Menurut beberapa definisi di atas, peneliti menyimpulkan bahwa remaja merupakan suatu masa dalam perkembangan hidup manusia, yang mengalami banyak perubahan, baik dari segi fisik, emosional, pola pikir, interaksi sosial, maupun aspek-aspek psikologis lainnya. Hal ini merupakan tahapan yang akan dilalui setiap individu yang beranjak dari masa kanak-kanak untuk menuju masa dewasa.

2. Batasan Remaja

Karena luasnya area perkembangan remaja, beberapa ahli memberikan batasan-batasan mengenai definisi remaja berdasarkan usia dan tugas perkembangannya. Menurut Hurlock (1990), remaja dibagi menjadi dua bagian, yakni remaja awal, yang berlangsung kira-kira antara 13-16 tahun, dan remaja akhir, yang rentang usianya antara 16-18 tahun.

Batasan usia remaja yang ditetapkan oleh WHO (World Health Organization) adalah pada usia 10-20 tahun, dengan pembagian usia 10-14 tahun sebagai fase remaja awal, dan usia 15-20 tahun sebagai fase remaja akhir (WHO, dalam Sarwono, 1989).

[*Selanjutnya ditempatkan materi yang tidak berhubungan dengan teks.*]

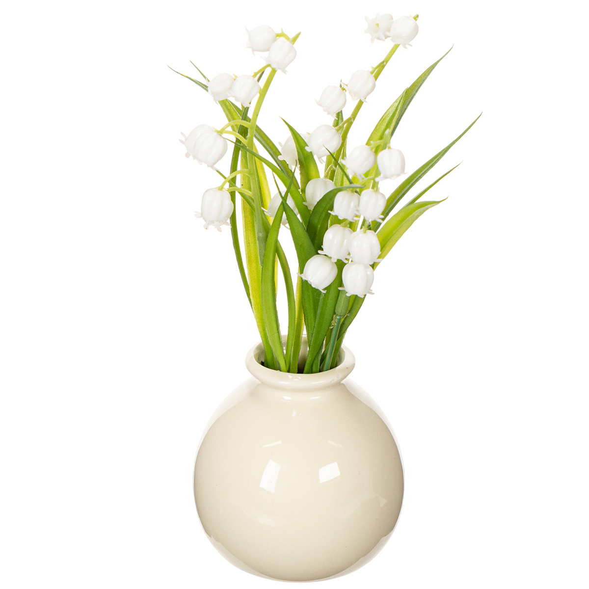 Kunstblumenstrauß Maiglöckchen in klassischer Vase ideal für Wohnraumdeko 20cm
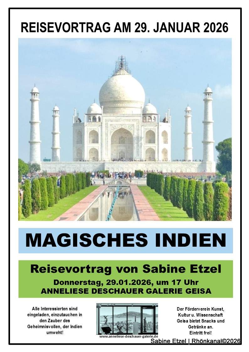 Alle, die sich gemeinsam mit Sabine Etzel auf diese gedankliche Reise in die Ferne begeben möchten, sind am Donnerstag, 29. Januar 2026, um 17:00 Uhr herzlich in die Anneliese-Deschauer-Galerie eingeladen. Der Eintritt ist frei. Für das leibliche Wohl sorgt der Förderverein mit Snacks und Getränken.
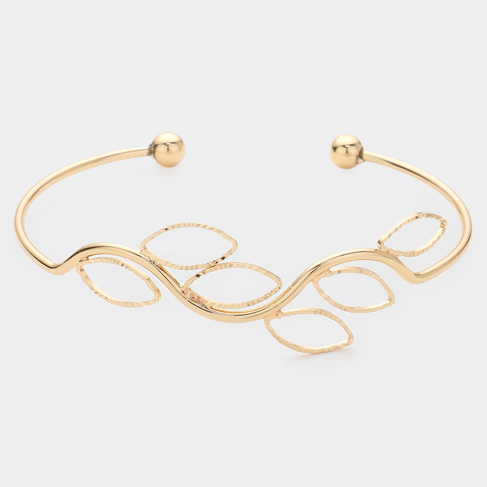 • Elevate your accessory game with this open cuff bracelet featuring a graceful leaf motif. Its minimalist design adds a touch of nature-inspired elegance to any look, perfect for both casual and formal styling.
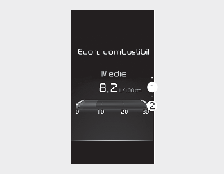 Acest mod afișează consumul instantaneu de combustibil din timpul ultimelor secunde când viteza vehiculului este mai mare de 8 km/h (5 mile/h).
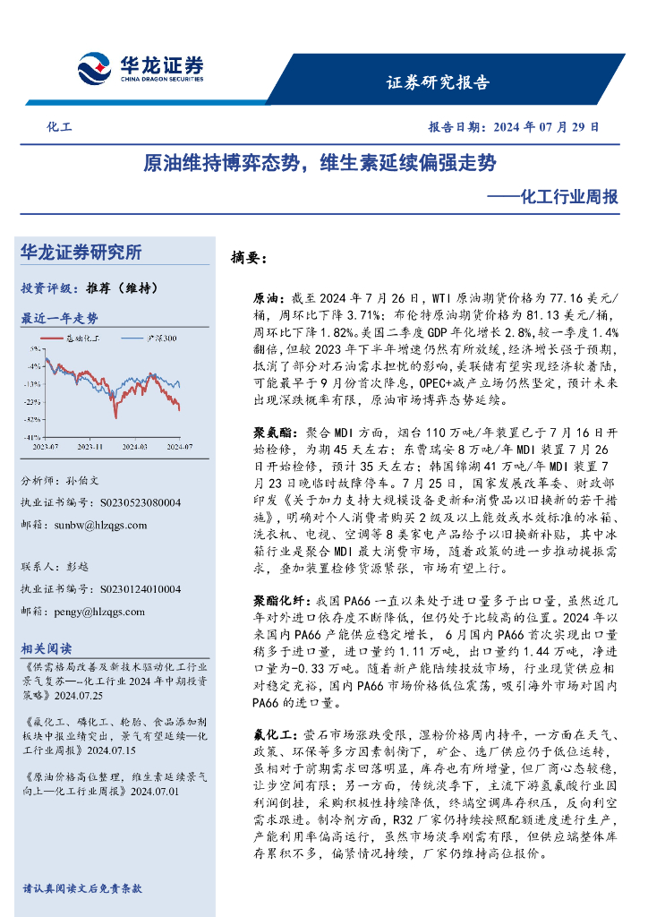 华龙证券:化工行业周报:原油维持博弈态势,维生素延续偏强走势.pdf
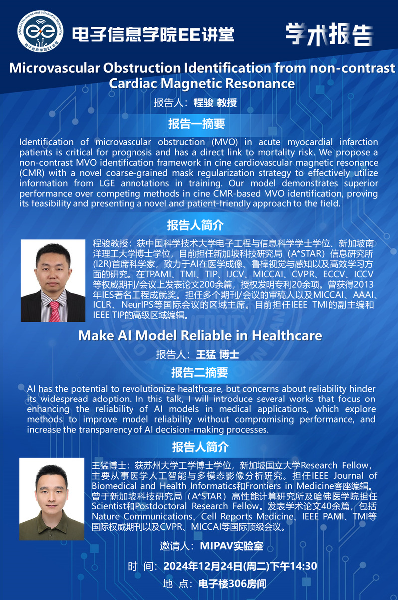 【学术报告】1、Microvascular Obstruction Identification from non-contrast Cardiac Magnetic Resonance;2、Make AI Model Reliable in Healthcare

Sarwono (1994) juga membagi remaja dalam beberapa fase, yakni fase remaja awal yang usianya antara 11-15 tahun, kemudian fase remaja

pertengahan yang berusia kira-kira 15-18 tahun, dan fase remaja akhir, yakni antara 18-24 tahun. Sarwono membuat pertimbangan tersebut berdasarkan pandangan masyarakat Indonesia:

a. Bahwa sekitar usia 11 tahun, mulai muncul tanda-tanda perubahan seksual sekunder pada individu.

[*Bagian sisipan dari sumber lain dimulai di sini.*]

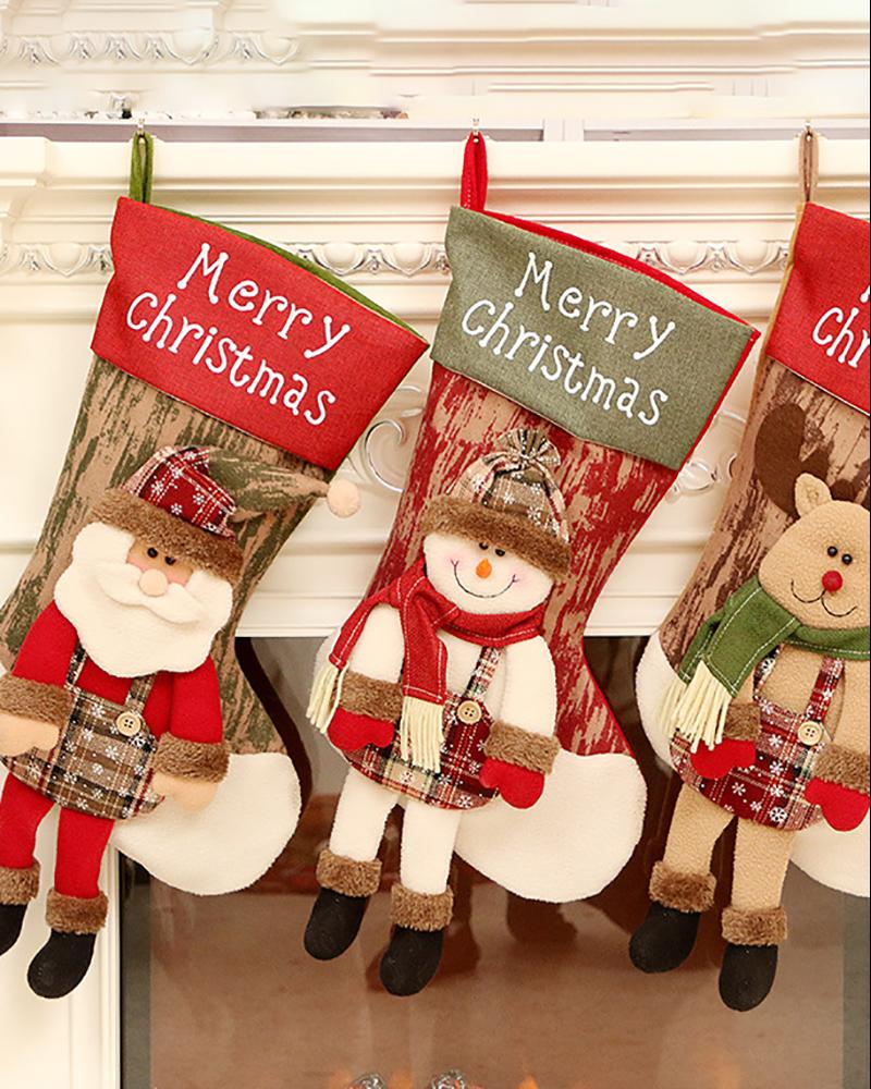 Xmas Big Stockings Santa Snowman Elk Hanging Candy Bag Christmas Tree Ornament
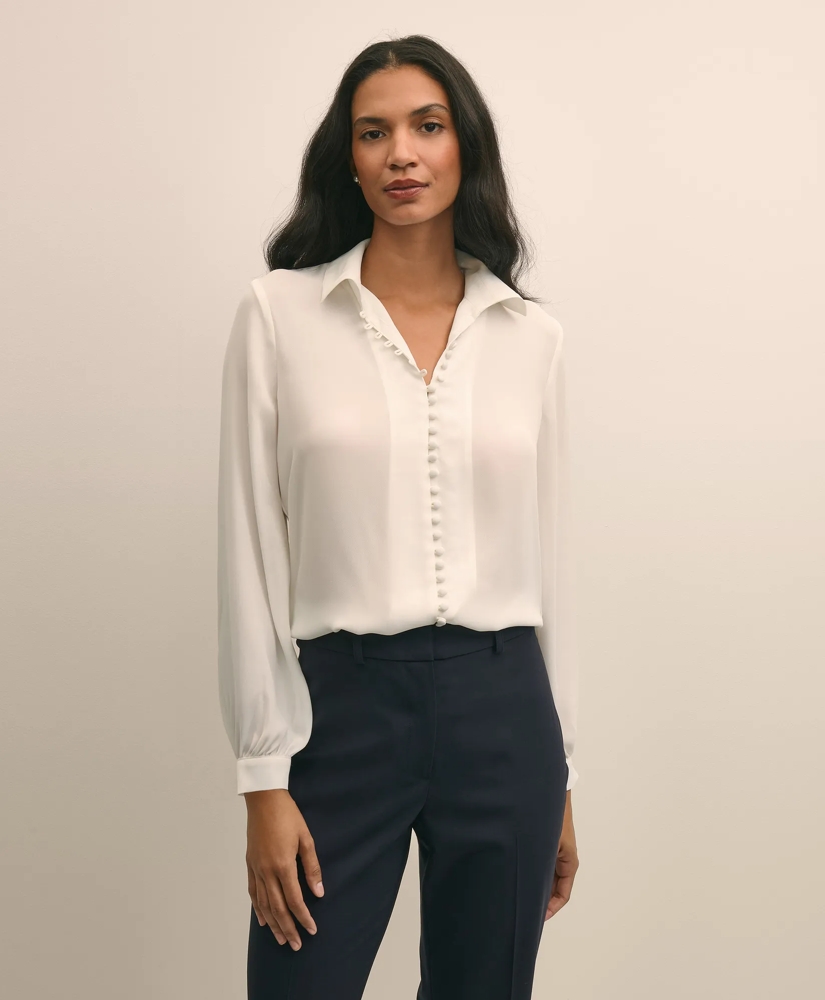 Delicate covered loop buttons and shirred sleeves lend an elegant air to our soft crepe blouse. We finished the look with a point collar for a timelessly chic statement piece.
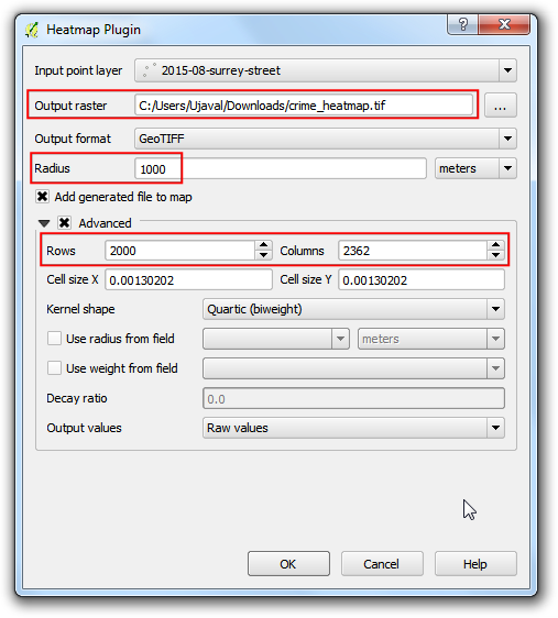 crime_heatmapas the name out the Output raster. Enter 1000 meters as the Radius. Radius is the area around each point that will be used to calculate the i`heat` a pixel received. Check the Advanced so we can specify the output size of our heatmap. Enter2000as Rows value. The Columns value will update automatically. Click OK to start the heatmap creation process.
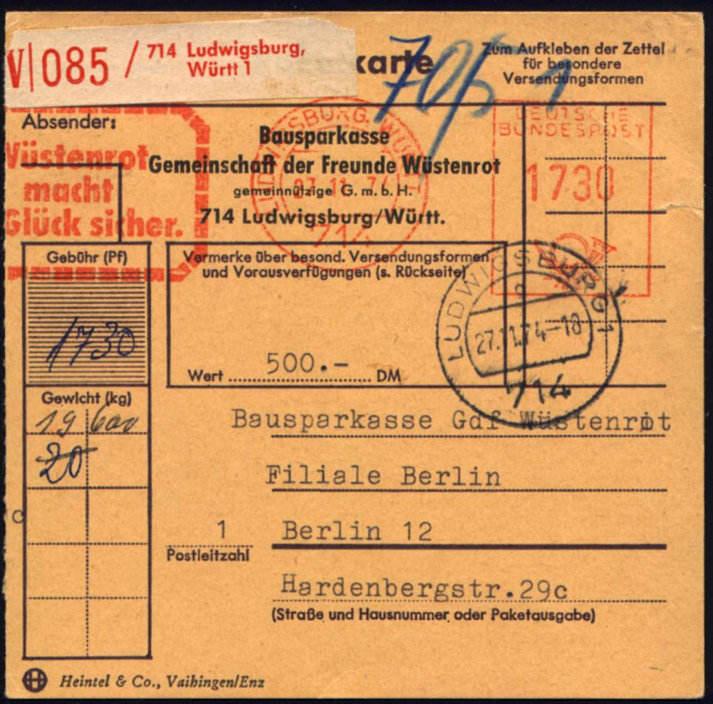 4112 | 16 € | 7140 LUDWIGSBURG : 714 LUDWIGSBURG WÜRTT 1/ Wüstenrot/ macht/ Glück sicher 1974 (27.11.) AFS Francotyp "Posthorn" 1730 (Pf.) = Bausparkasse + roter Wertpaketzettel: 714 Ludwigsburg,/Württ 1, Inl.-Wertpaketkt. 500.- DM, seltenes Porto! (Dü.E-26) | ![]() | |

b. Di kalangan beberapa masyarakat Indonesia, pada usia 11 tahun individu dianggap telah melalui proses akil balig, baik menurut adat maupun agama, sehingga masyarakat tidak lagi memperlakukan mereka sebagai anak-anak.

c. Pada rentang usia tersebut mulai tercapai identitas diri individu (ego identity), kemudian mencapai fase genital dari perkembangan psikoseksual, serta merupakan puncak dari perkembangan kognitif serta moral.

d. Pada batasan akhir 24 tahun merupakan batas maksimal seseorang untuk bergantung pada orang tuanya, belum memiliki hak orang dewasa secara penuh (baik adat maupun tradisi), dianggap belum dapat memberikan opini sendiri, dan lain sebagainya.

e. Selain itu, definisi remaja juga dikaitkan dengan kondisi belum menikah, karena pada umumnya masyarakat menilai kedewasaan seseorang berdasarkan status pernikahan mereka. Pada usia berapapun seseorang menikah, mereka akan dianggap dan diperlakukan sebagai orang dewasa. Maka dari itulah, batasan remaja yang digunakan adalah individu yang belum menikah.

Monks (1994) juga memilah remaja berdasarkan usia kronologis mereka. Dengan mematok rentang usia antara 12-21 tahun, remaja dibagi menjadi 3 bagian, yaitu masa remaja awal, yakni 12-15 tahun, masa remaja pertengahan 15-18 tahun, serta 18-21 tahun untuk masa remaja akhir.

Dari uraian tersebut, dapat ditarik kesimpulan bahwa kebanyakan peneliti perkembangan membagi usia remaja menjadi 3 fase, yakni fase remaja awal, remaja pertengahan, serta remaja akhir, yang ditandai dengan terjadinya perubahan fisik, intelektual, emosional, hormonal, dan sosial. Pada penelitian ini, peneliti mengacu pada batasan yang digunakan oleh Sarwono, yakni remaja perempuan pertengahan pada rentang usia 15-18 tahun yang sedang duduk di bangku SMA, dan belum menikah.